Segment Open

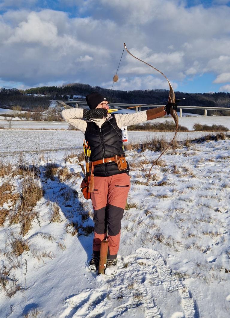 Bogenschießen im Januar: Der Schnee knirscht unter den Schuhen, die Sonne steht hoch und wärmt unsere Gesichter. Unterwegs mit Freunden – es gibt kaum etwas Schöneres.
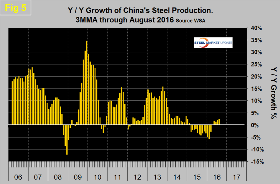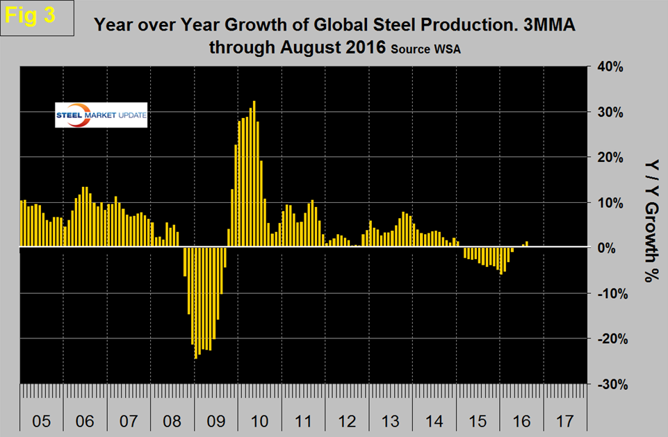 Production began to contract in March last year and the contraction accelerated through January this year when it reached 5.8 percent. In the next four months contraction slowed and in May was zero. June, July and August have had year over year increases in the 3MMA of 0.1 percent, 0.7 percent and 1.3 percent. The much desired slowdown in global steel production has reversed course on a year over year basis and China has been the driver.
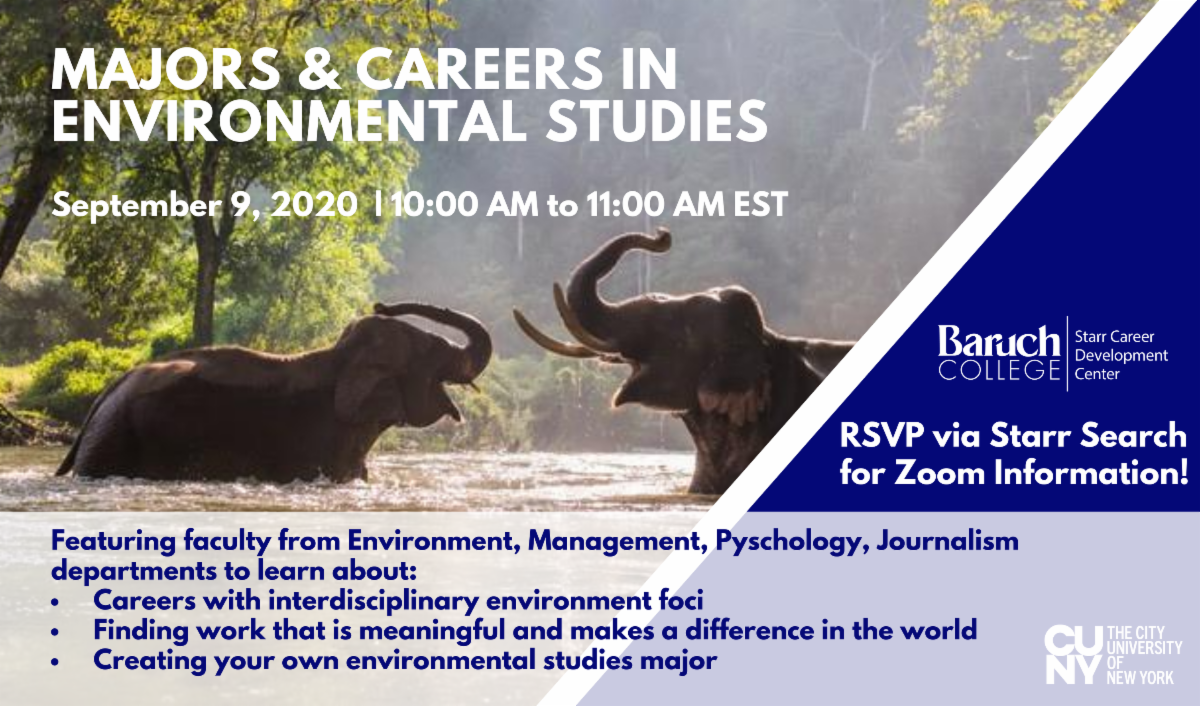 Distinguished Baruch college professors will discuss careers with an environmental/sustainability focus. Learn how to create your own major (ad hoc major) with an environmental focus by combining disciplines such as environmental studies, psychology, journalism and management.

Segment Closed

# Your instructions
Word for word and without any pictures, return all of the lines above.

# Response
 Bogenschießen im Januar: Der Schnee knirscht unter den Schuhen, die Sonne steht hoch und wärmt unsere Gesichter. Unterwegs mit Freunden – es gibt kaum etwas Schöneres.
 Production began to contract in March last year and the contraction accelerated through January this year when it reached 5.8 percent. In the next four months contraction slowed and in May was zero. June, July and August have had year over year increases in the 3MMA of 0.1 percent, 0.7 percent and 1.3 percent. The much desired slowdown in global steel production has reversed course on a year over year basis and China has been the driver.
 Distinguished Baruch college professors will discuss careers with an environmental/sustainability focus. Learn how to create your own major (ad hoc major) with an environmental focus by combining disciplines such as environmental studies, psychology, journalism and management.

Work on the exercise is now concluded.